Which isn't such a bad thing, if you consider that it will give us the chance to think fondly about the otherworldly 2010 season he has had. (Really: This year has been way too ridiculous to even begin to wrap your head around, and it's going to take a few months to even let it register.)
Since we fully expect to spend an inordinate amount of time thinking about the Bearded One, we figured that we'd start a new feature that we'll call "Let's Talk About JoBau". There's the temptation to toss out everything about him all at once in one post, but we know that you kids get bored of us after about 300 words, so we'll split this up into bite-sized chunks.
Other than "batters box", what is JoBau's best position?
So where should he play? Since coming to the Jays, Bautista has played games at first, second, third and all three outfield positions, though the majority of his games (102) have been played in right. And the temptation amongst many that we've heard is to keep him into right field, where his strong arm could be maximized to help keep fear in the hearts of baserunners rounding bases.
If only that were the only aspect of playing the field.
It might surprise some that JoBau's fielding numbers in right have been pretty dismal this season: His UZR is -4.0, and the UZR/150 number shows him as -10. And this is even with an Outfield Arm Runs Above Average number of 5.1 (which falls only behind Jeff Francoeur, Shin-Soo Choo, and Brett Gardner in the Bigs.)
Bautista's numbers slip so far in part because of very weak range in right. His Range Runs Above Average sits at -8.8, which puts him towards the bottom of all Major Leaguers. And if we're pulling our head away from the metrics and towards our memory, we can say that we can remember a number of bad paths to the ball that JoBau has taken this season, and a few drops that should not have been. (The sort of stuff that would have been harboured and rehashed about the former right fielder, who never posted numbers anywhere near that low, even in his worst year with the Jays.)
So does that settle it, and do we just ship JoBau to third? Not so fast, Speed Racer: Bautista's -10.2 UZR/150 (fueled by a -4.4 Range number) is hardly enough to get him crowned at the hot corner.
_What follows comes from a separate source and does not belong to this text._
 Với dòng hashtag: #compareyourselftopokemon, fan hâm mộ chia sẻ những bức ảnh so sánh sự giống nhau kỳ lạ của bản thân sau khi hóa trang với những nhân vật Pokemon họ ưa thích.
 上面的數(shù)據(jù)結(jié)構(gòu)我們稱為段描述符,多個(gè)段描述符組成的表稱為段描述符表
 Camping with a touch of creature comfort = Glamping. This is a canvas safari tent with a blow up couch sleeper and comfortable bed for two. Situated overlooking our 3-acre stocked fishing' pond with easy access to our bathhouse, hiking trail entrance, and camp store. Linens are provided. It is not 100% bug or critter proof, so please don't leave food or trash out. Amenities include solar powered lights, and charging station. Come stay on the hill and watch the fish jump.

For that matter, his fielding metrics at third are nowhere near as positive as Edwin Encarnacion's. (No, really). E5 has earned that title somewhat, but his range number (5.0) shows that he gets to many balls hit near or around him...he just doesn't always do goodly with them once the ball is in his hand (-4.4 Error Runs Above Average).
(Which isn't to say that we even think that Edwin returns next year. But we just use this to provide some perspective.)
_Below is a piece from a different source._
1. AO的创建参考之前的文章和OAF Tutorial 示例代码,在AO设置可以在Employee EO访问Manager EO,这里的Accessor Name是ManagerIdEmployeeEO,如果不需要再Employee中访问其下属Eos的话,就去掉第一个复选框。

Beyond those two likely fielding positions, there is a chance that JoBau could see time back in left, though it is more likely that position will be reserved for the "weak-fielding" Travis Snider (he of the 8.1 UZR/150, second best amongst Jays OFs). First base might well be available after Lyle Overbay's seemingly imminent departure, and we'd be inclined to make an argument for JoBau to take up residence there, though we think it's unlikely enough that we needn't bother.
If there is one thing that we can say positively about Bautista's place in the field next year, it is that the flexibility that the Jays have with him will provide them with greater flexibility in looking to bring someone else in. Bautista's not blocking anyone from any of those positions, and should a third baseman or right fielder of any consequence advance through the system or become available before next season, there's nothing to preclude the Jays from grabbing them.